Earlier this year, the case of Teggart v TeleTech UK Ltd provided a further example to demonstrate the circumstances in which an employee can be dismissed for offensive comments about a work colleague published on a social networking site.
Mr Teggart updated his Facebook status to suggest that a female colleague had been sexually promiscuous with other colleagues. Although the woman in question was not ‘friends’ with Mr Teggart on Facebook (unsurprising perhaps in light of his remarks),she heard about the post from another work colleague and was very upset and distressed by the comments.
After a formal investigation by the company, Mr Teggart was dismissed for gross misconduct for not only harassing his colleague but by bringing the company’s name into dispute. Mr Teggart complained of unfair dismissal, but his claim was dismissed.
Although Mr Teggert made the comments at home after work, his comments were still grounds for dismissal. When an employee takes steps outside work which have an impact on the workplace, the employer has to manage it. This type of situation arises all the time and the advancement of technology means that messages posted online can be distributed very quickly and seen by many within a few minutes of going live. Some organisations promote the use of social networking sites such as Linked-In and Twitter for marketing purposes, which means that the line of what is and isn't acceptable is becoming more and more blurred.
We recommend having a social media policy in place. Some employers are reluctant to implement a policy which restricts their employees’ use of social networking sites for fear that it might be counter-productive. Having a policy in place will spell out your rules, and help you demonstrate due diligence if somebody brings a claim against you.
Incidentally, one of our business associates has recently introduced a social media safety checking service. If you’d like to know more about that get in touch.
Last year, ACAS published a guide for employers in relation to social media. These are the key points.
- Make sure that you have a social media policy in place and consult with staff on its use.
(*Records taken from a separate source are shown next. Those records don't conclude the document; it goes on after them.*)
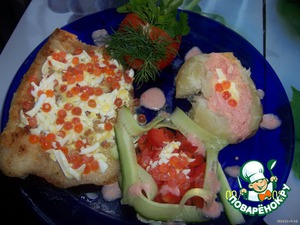 Выложим на тарелочку рыбку, корзиночку, запеченную картошечку, порежем огурчик и перчик, польем соусом. Оставшиеся соусы двух видов подадим отдельно. Нальем пивка и... начнем есть и сплетничать)))
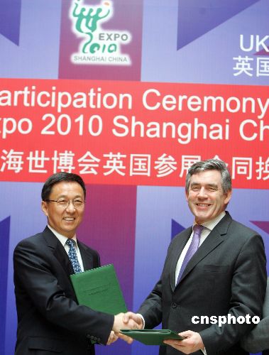 1月19日,上海市市長韓正(左)在上海會見來華訪問的英國首相戈登·布朗。并與布朗互換中國二○一○年上海世博會參展文本。中新社發(fā) 湯彥俊 攝
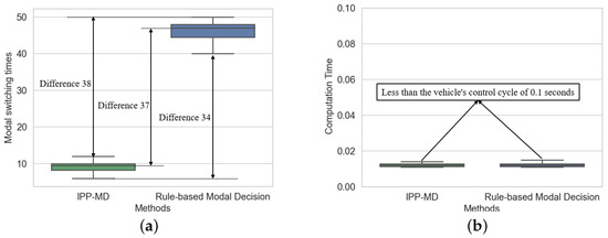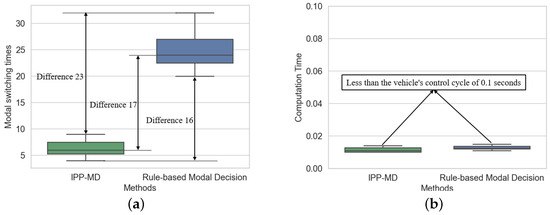 Comparison of mode switching frequency and computation time of two methods in hilly terrain. (a) represents the comparison of modal switching times, and (b) represents the comparison of calculation time.
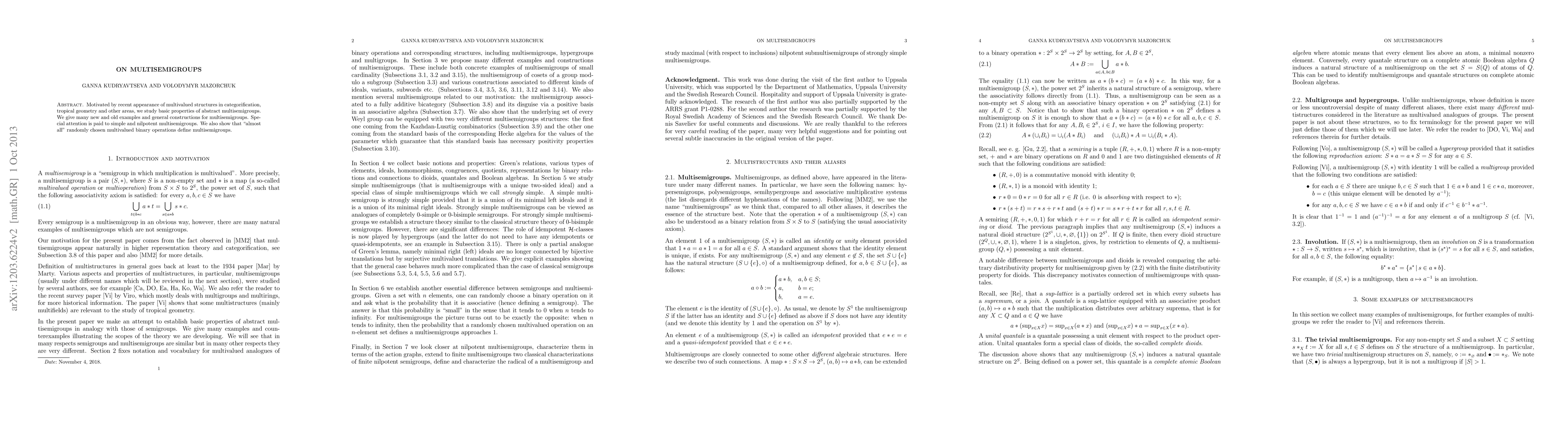 This paper explores the fundamental properties of abstract multisemigroups, providing numerous examples and constructions, with a focus on simple and nilpotent types, and demonstrates that most randomly chosen multivalued binary operations naturally form multisemigroups.
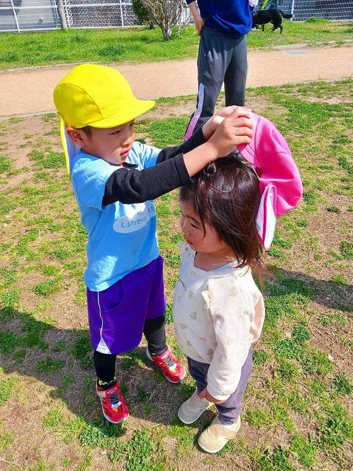 先日はうさぎ組のお友だちとお散歩に行き、一緒に遊びました。困っているお友だちを手伝ってあげられるようにもなりました♡
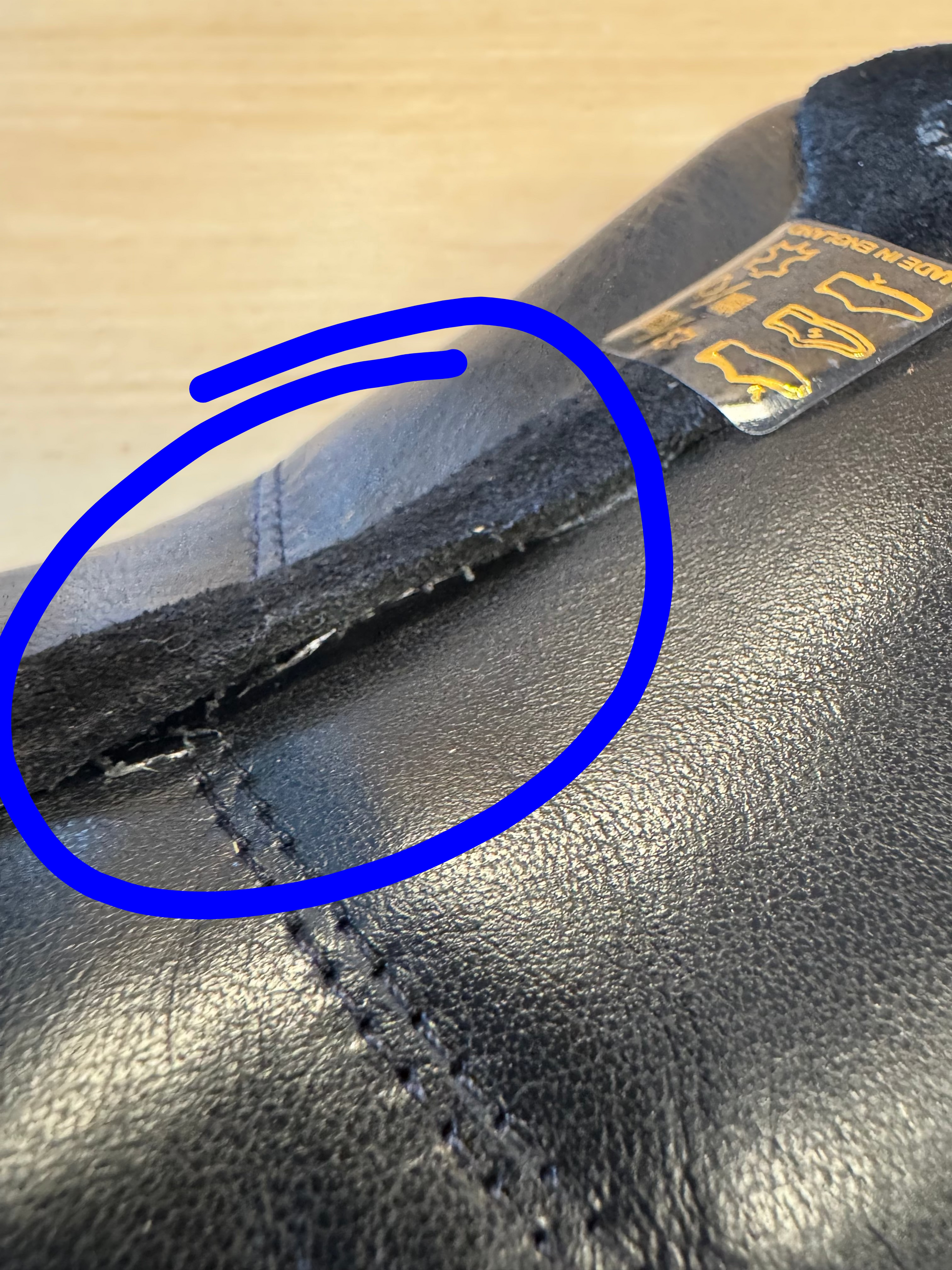 Factory Reject: Right foot- faulty leather/ missing glue on the sole, as seen in photo
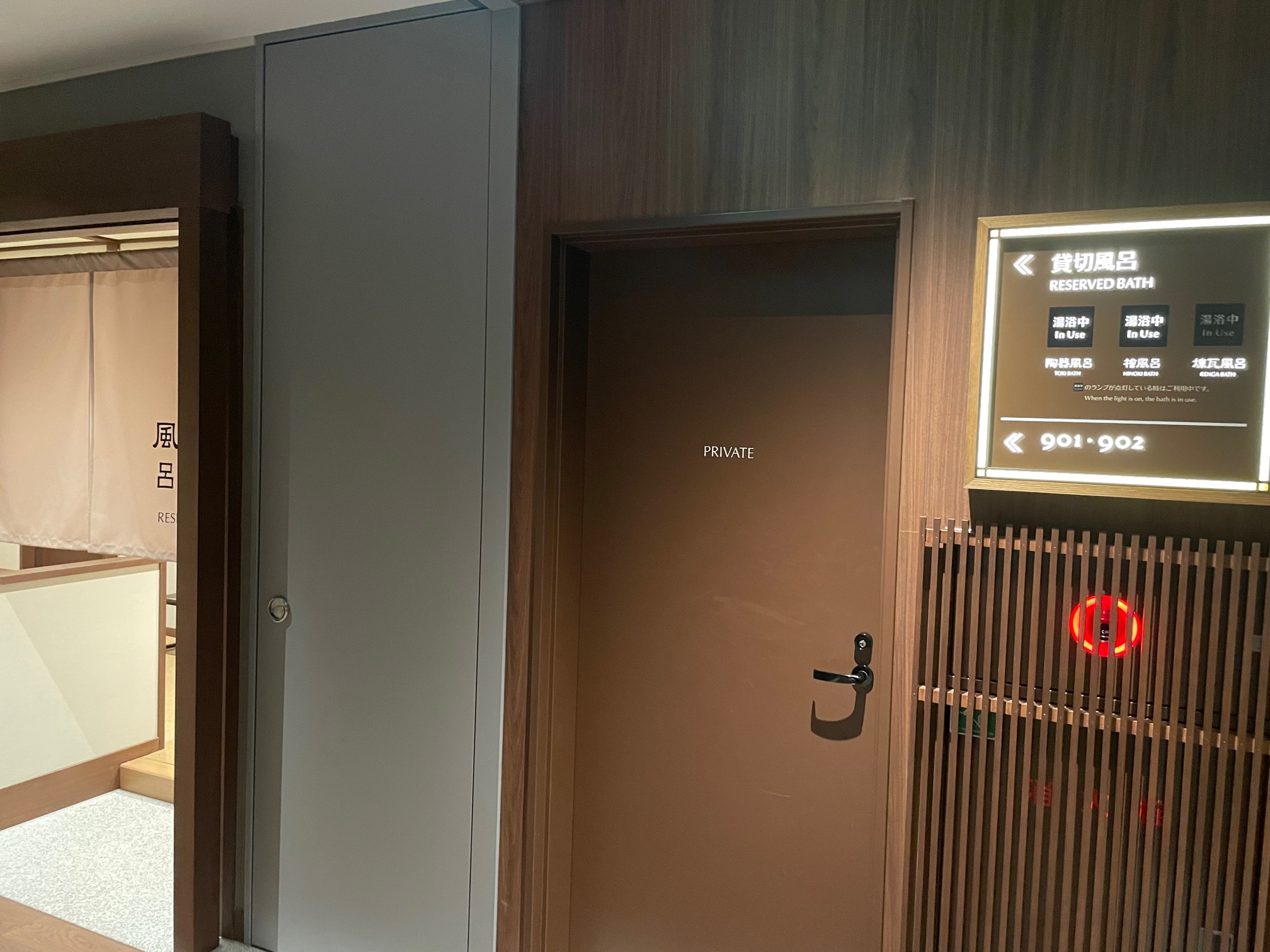 9階には貸切風呂があります。「陶器」「檜」「煉瓦」の3種類があり、9階エレベーターホールから貸切風呂に行く途中に下の写真のようなランプがあり使用中かどうかわかるようになっています。特に予約は不要なのでランプが点灯していない貸切風呂は自由に使用することができます。
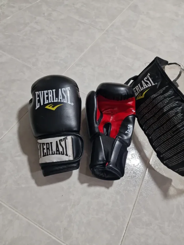 Par de guantes de boxeo de la marca Everlast. - Color negro con detalles en rojo. - Cierre de velcro. - Talla 10 oz.
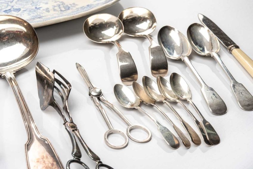 ASSORTED SILVER, ELECTROPLATE & CERAMICS, to include pair George V tablespoons, six various antique silver teaspoons, plated soup ladle, pair plated sauce ladles, plated grape shears, boxed five piece carving set with antler handles (box distressed), three Staffordshire blue printed meat plates and a concertina

- Set out the organisation’s expectations with regard to acceptable and unacceptable behaviour.
- Make it clear that offline conduct is no different to online conduct.
- Communicate your policies on internet use.
- Ensure staffs know how to raise formal and informal grievances.
It takes years and years to build a good reputation, but seconds (literally) to ruin it, and the risks of not taking cyber bullying seriously can be extensive and expensive. Most employees will behave impeccably online, but there will always be that one who doesn't. Having a policy in place will make your standards clear, and will hopefully avoid any problems arising. Cyber-bullying is hurtful for all those involved, so it is best avoid it wherever possible.